Let's consider some scenarios to illustrate how configuration drift can adversely affect an enterprise. These are intended to be motivating example to illustrate where/when configuration drift management might be applicable.

Scheduled Database Password Change

As part of regularly scheduled maintenance, the passwords for production databases will be updated. This will in turn require the data source configurations on production JBoss EAP servers to be updated with new passwords. The IT organization is not currently using RHQ and is instead using ad-hoc scripts to automate and apply the changes. Any number of things could happen in this scenario that could result in serious problems.

Programmatic errors in the script could result in an incorrect data source configuration keeping production EAP servers offline for an extended period of time as a result of not being able to communicate with the database. Or if the script needs to be manually run on each server, an administrator forget to apply the changes to one of the servers. These two problems would likely be remedied quickly as the source of the problem could be quickly and easily identified.

Now let's assume that the IT organization is using RHQ to manage its infrastructure. Administrators could create a group for the production EAP servers and then apply the data source configuration change as a group configuration update. Suppose the update fails on one of the EAP servers fails. Maybe the host machine is offline. RHQ will report the results of the operation, making it clear that the configuration update failed on one of the EAP servers. Now if the administrator is waiting intently for RHQ to report the results of the operation, the error is easily rectified. But suppose the administrator gets distracted by some other production issues and forgets about the configuration update. Discovering the problem will be delayed, requiring additional time and maintenance which adds to overall operational costs.

Database URL Change

Let's consider another example involving data source configuration changes. A new production database server has been installed and EAP servers need to be updated such that JDBC URLs refer to the new server. To make things more interesting, let's say that the old database server is kept running. Maybe it will be used for backups. Again let's start with an IT organization that is using an ah-hoc scripting solution to apply the updates. If administrators fail to update one of the EAP servers or if programmatic errors in the scripts result in one of the EAP servers not getting updated, this could result in serious problems that may not manifest themselves nearly as easily as in the database password example.

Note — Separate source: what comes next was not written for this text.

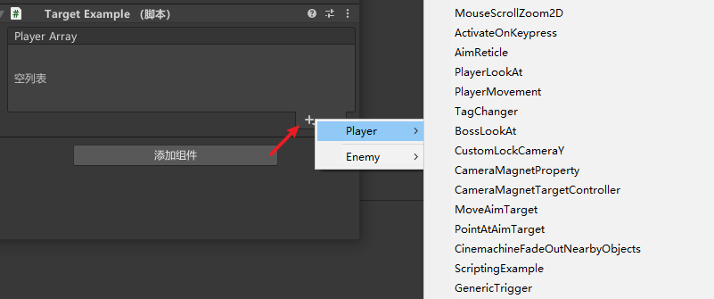 1 2 3 4 5 6 7 8 9 10 11 12 13 14 15 16 17 18 public class TargetExample : MonoBehaviour { [SerializeField ] public List<PlayerItem> playerItemArray = new List<PlayerItem>(); } [System.Serializable ]public class PlayerItem { [SerializeField ] public Texture icon; [SerializeField ] public GameObject prefab; [SerializeField ] public string name; [SerializeField ] public int attack; }

Now let's say that the IT organization is using RHQ to manage its EAP servers. Let's further suppose that there are advanced RHQ users/administrators who are utilizing the CLI to further automate the task. A CLI script is written to apply the group configuration update. The script iterates over each EAP server in the group and fetches and updates the resource for each data source as necessary using ConfigurationManager.updateResourceConfiguration. The script writer fails to understand a subtle yet important point which is when that method returns, the operation may not have completed. The script in effect assumes that since no exception has been thrown the updates completed successfully. Let's assume that one of the EAP servers fails to get updated for some reason. Although RHQ will report the failure, administrators may not recognize it soon enough still resulting in serious problems that are costly both in terms of time and money.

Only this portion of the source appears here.